### WORK REQUIRED
Make an exact copy of the data below, leaving out every picture.

### DATASET EXCERPT
########################################

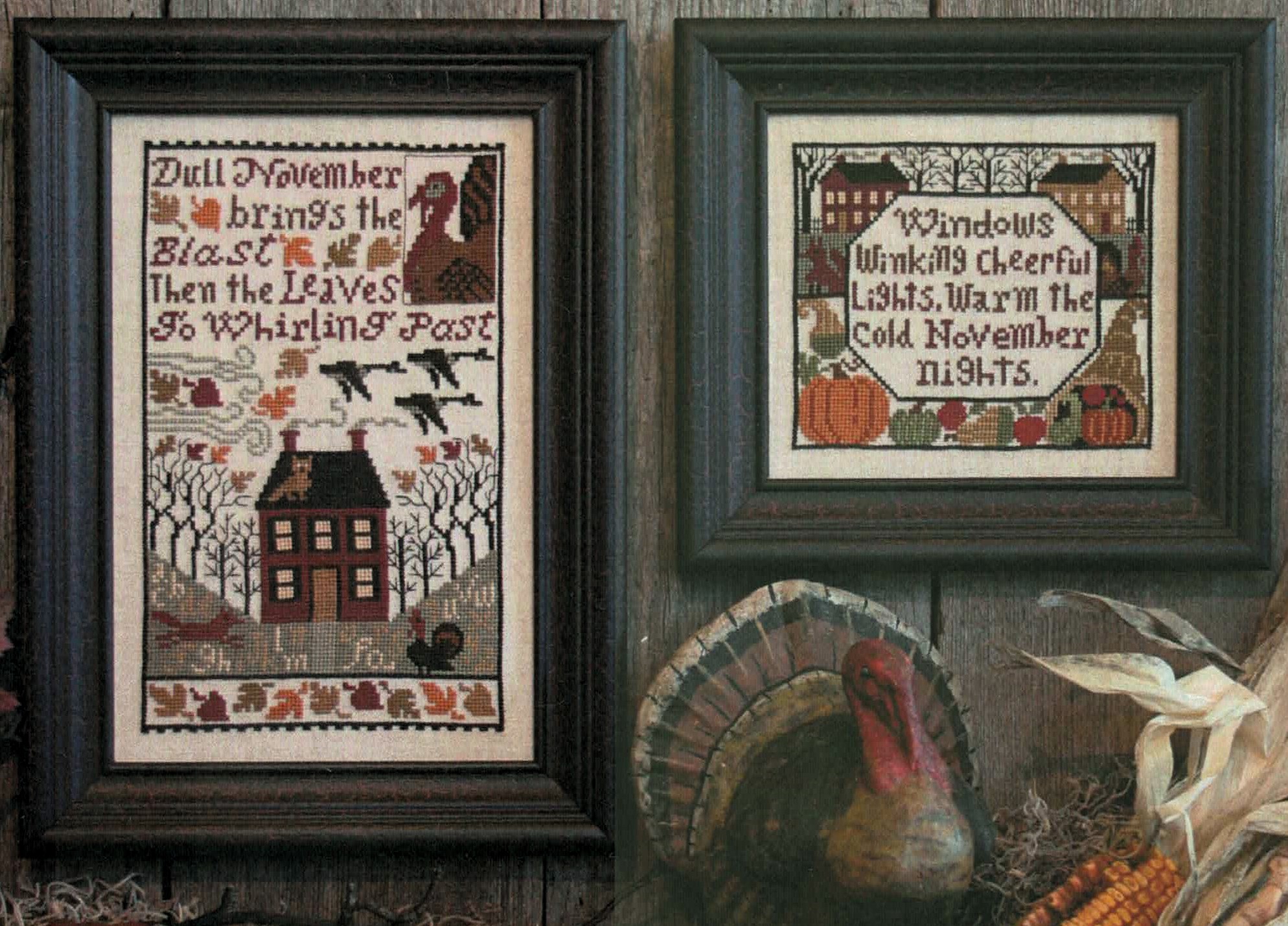 This traditional sampler captures November’s transition from autumn’s vibrant colors to winter’s approach, featuring lyrical text about November’s blast bringing whirling leaves. The companion piece shows windows with cheerful lights warming cold November nights, surrounded by pumpkins and harvest motifs that evoke the cozy spirit of Thanksgiving season.
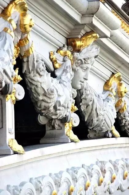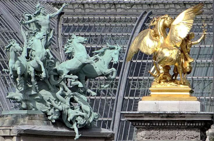亚历山大三世桥上镀金雕像和大皇宫上的青铜雕像相映成趣
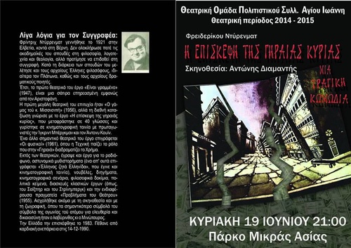Η 4ο Δημοτική Κοινότητα του Δήμου Ηρακλείου σε συνεργασία με τη Θεατρική Ομάδα του Πολιτιστικού Συλλόγου Αγ. Ιωάννη παρουσιάζει το Θεατρικό έργο του Φρειδερίκου Ντύρενματ «Η επίσκεψη της γηραιάς κυρίας» σε σκηνοθεσία Αντώνη Διαμαντή. Η παράσταση θα δοθεί στην πλατεία Νικαίας την Τρίτη 21 Ιουλίου στις 21:00 και η είσοδος είναι ελεύθερη για το κοινό.
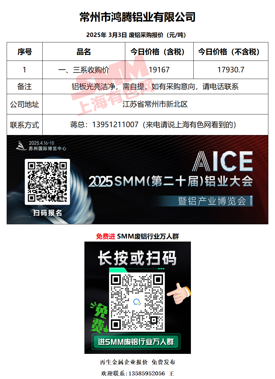 3月3日鸿腾铝业 废铝采购报价

########################################

### WRITTEN ANSWER
 This traditional sampler captures November’s transition from autumn’s vibrant colors to winter’s approach, featuring lyrical text about November’s blast bringing whirling leaves. The companion piece shows windows with cheerful lights warming cold November nights, surrounded by pumpkins and harvest motifs that evoke the cozy spirit of Thanksgiving season.
亚历山大三世桥上镀金雕像和大皇宫上的青铜雕像相映成趣
Η 4ο Δημοτική Κοινότητα του Δήμου Ηρακλείου σε συνεργασία με τη Θεατρική Ομάδα του Πολιτιστικού Συλλόγου Αγ. Ιωάννη παρουσιάζει το Θεατρικό έργο του Φρειδερίκου Ντύρενματ «Η επίσκεψη της γηραιάς κυρίας» σε σκηνοθεσία Αντώνη Διαμαντή. Η παράσταση θα δοθεί στην πλατεία Νικαίας την Τρίτη 21 Ιουλίου στις 21:00 και η είσοδος είναι ελεύθερη για το κοινό.
 3月3日鸿腾铝业 废铝采购报价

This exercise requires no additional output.